Expatica news

Moscow court due to read Khodorkovsky’s verdict

A Moscow court is expected Monday to begin announcing the verdict in the second trial of former oil tycoon Mikhail Khodorkovsky, a case some see as a bellwether of Russia’s political future.

Once the country’s richest man, now its most prominent prisoner, Khodorkovsky, 47, is already serving an eight-year sentence for fraud.

But with his release scheduled for next year, Khodorkovsky is now on trial on charges of money laundering and embezzlement that could see the head of the now-defunct Yukos oil giant stay in jail until 2017.

The pursuit of Khodorkovsky has been the most controversial legal action of the post-Soviet era.

Khodorkovsky’s supporters see him as a martyr punished for daring to challenge strongman Vladimir Putin; but Russian officials view him as a corrupt tycoon who profited by breaking the law.

The verdict will be watched as a possible indicator of Russia’s future direction under premier Putin and President Dmitry Medvedev, amid speculation that Putin is planning a return to the Kremlin in 2012 polls.

“My husband will definitely remain in jail until 2012,” Khodorkovsky’s wife Inna told the latest edition of Snob magazine. “After that, who knows what will happen? Nobody.”

Moscow’s Khamovnichesky court had been due to start reading the verdict on Khodorkovsky and his co-accused Platon Lebedev, 54, on December 15, but unexpectedly postponed the announcement without giving an explanation.

The next day Putin said Khodorkovsky deserved to be in prison, in comments decried by the fallen magnate’s legal team as direct interference and sparking fears that he now had little chance of being acquitted.

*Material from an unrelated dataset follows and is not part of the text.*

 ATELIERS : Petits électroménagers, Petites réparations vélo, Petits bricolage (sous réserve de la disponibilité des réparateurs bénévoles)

Aides later insisted that Putin was only referring to the first trial.

Khodorkovsky launched his own a lacerating attack against Putin on Friday, saying he pitied a man who could only feel love for dogs.

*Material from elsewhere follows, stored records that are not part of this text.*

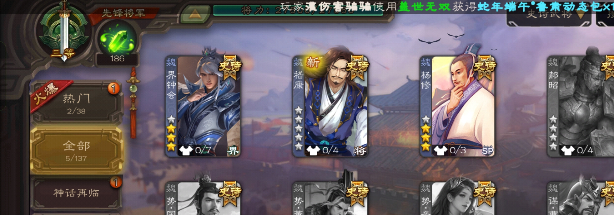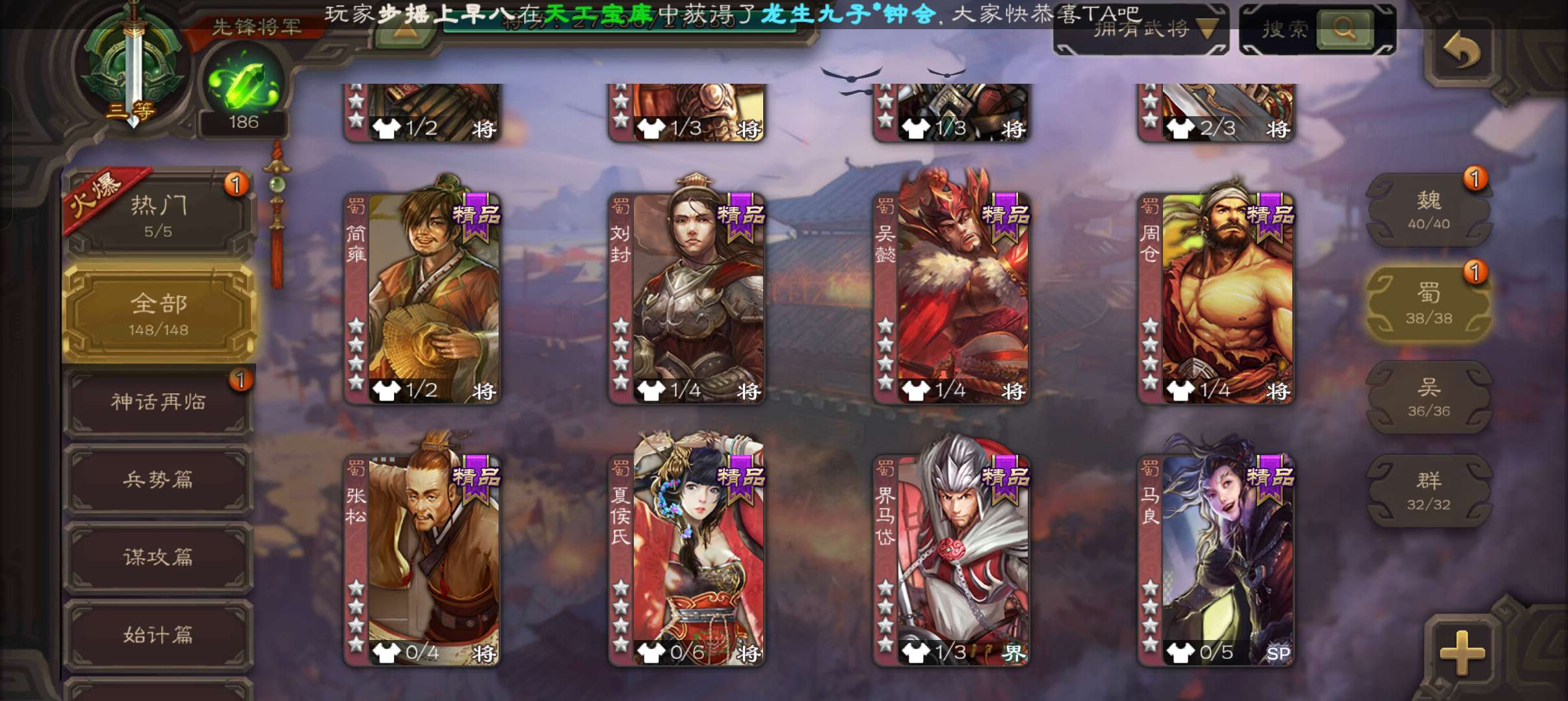 5史诗双神先锋,5万豆4.2万羽毛,天工玄母丘倹,界钟会谯周嵇康杨修左慈,神周瑜神吕蒙谋韩当148将
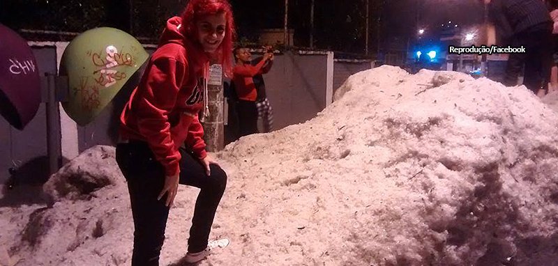 “Taboão também neva…hehehe”, brincou Ana Paula Vicente, 24, do Parque Pinheiros, sobre montanha de gelo. Bairros de São Paulo vizinhos também registraram granizo, que deixou vias alvas e ainda estrago. Uma moradora de prédio no Campo Limpo teve o carro amassado e vidraça quebrada. “Pois é, só prejuízo… Amassou o carro de um monte de gente. Mas tudo bem, vão-se os aneis, ficam os dedos, o que é material a gente recupera”, disse a gerente Luciana Lopes, 35.
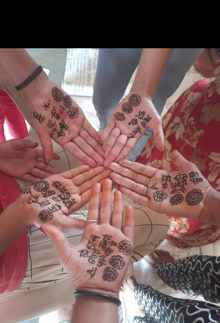 देवास। जिले में लोकसभा निर्वाचन-2024 में शतप्रतिशत मतदान के लिए कलेक्टर एवं जिला निर्वाचन अधिकारी ऋषव गुप्ता तथा सीईओ जिला पंचायत एवं नोडल स्वीप अभियान हिमांशु प्रजापति के मार्गदर्शन में “चलें बूथ की ओर” अभियान एवं मतदाता जागरूकता अभियान गतिविधियां संचालित की जा रही है। लोकसभा निर्वाचन 2024 के अंतर्गत स्वीप अभियान की गतिविधियों के तहत “चलें बूथ की ओर” अभियान में जिले में मतदाताओं को मतदान के लिए प्रेरित किया जा रहा है। अभियान के तहत आंगनवाड़ी कार्यकर्ताओं, महिलाओं एवं युवतियों द्वारा मतदाताओं को जागरूक करने के लिए हाथों में मेहंदी लगाई तथा हाथों में मेहंदी लगाकर मतदाताओं को दिनांक 13 मई को मतदान करने के लिए जागरूक कर रही हैं। हाथों में मतदाता जागरूकता संबंधी नारे खिलकर कह रही है कि “सारे काम छोड़ दो-सबसे पहले वोट दो”। “ लोकतंत्र का पर्व मनाए-वोट डालने अवश्य जाएं”। इस प्रकार के संदेश भी लिख रही है। उल्लेखनीय है कि जिले में चलें बूथ की ओर” अभियान एवं स्वीप अभियान के तहत की जा रही गतिविधियों में सभी के द्वारा उत्साह से सहभागिता की जा रही है तथा इस कार्य में मतदाताओं के द्वारा भी विशेष रूचि ली जा रही है। साथ ही सभी लोग आपस में जागृत हो रही रहे हैं, और अन्य लोगों को भी जागरूक कर रहे हैं।

“A love for dogs is the only sincere kind feeling that penetrates the armour of ice worn by the national symbol of the start of the millennium,” Khodorkovsky wrote in an article for the Nezavisimaya Gaeta.

“A man who wears such an armour cannot be happy.”

Putin’s widely publicised fondness for dogs is one of the few soft sides to his hardman image. He was recently shown coddling a new dog he had named Buffy, a gift from the Bulgarian prime minister.

Khodorkovsky is accused of having stolen 218 million metric tons of oil, worth more than 26 billion dollars, from his own Yukos company between 1998 and 2003 — a charge the defence team says is absurd.

Like many other billionaires, Khodorkovsky made his fortune in controversial loans-for-shares privatization in the 1990s. But he quickly built his Yukos oil company into the first Russian major that adopted international accounting standards.

While other tycoons chose to toe the Kremlin line however, Khodorkovsky openly defied Russia’s top boss by financing the political opposition.

When storm clouds began gathering, he refused to leave the country and found himself arrested on the tarmac in Siberia in 2003.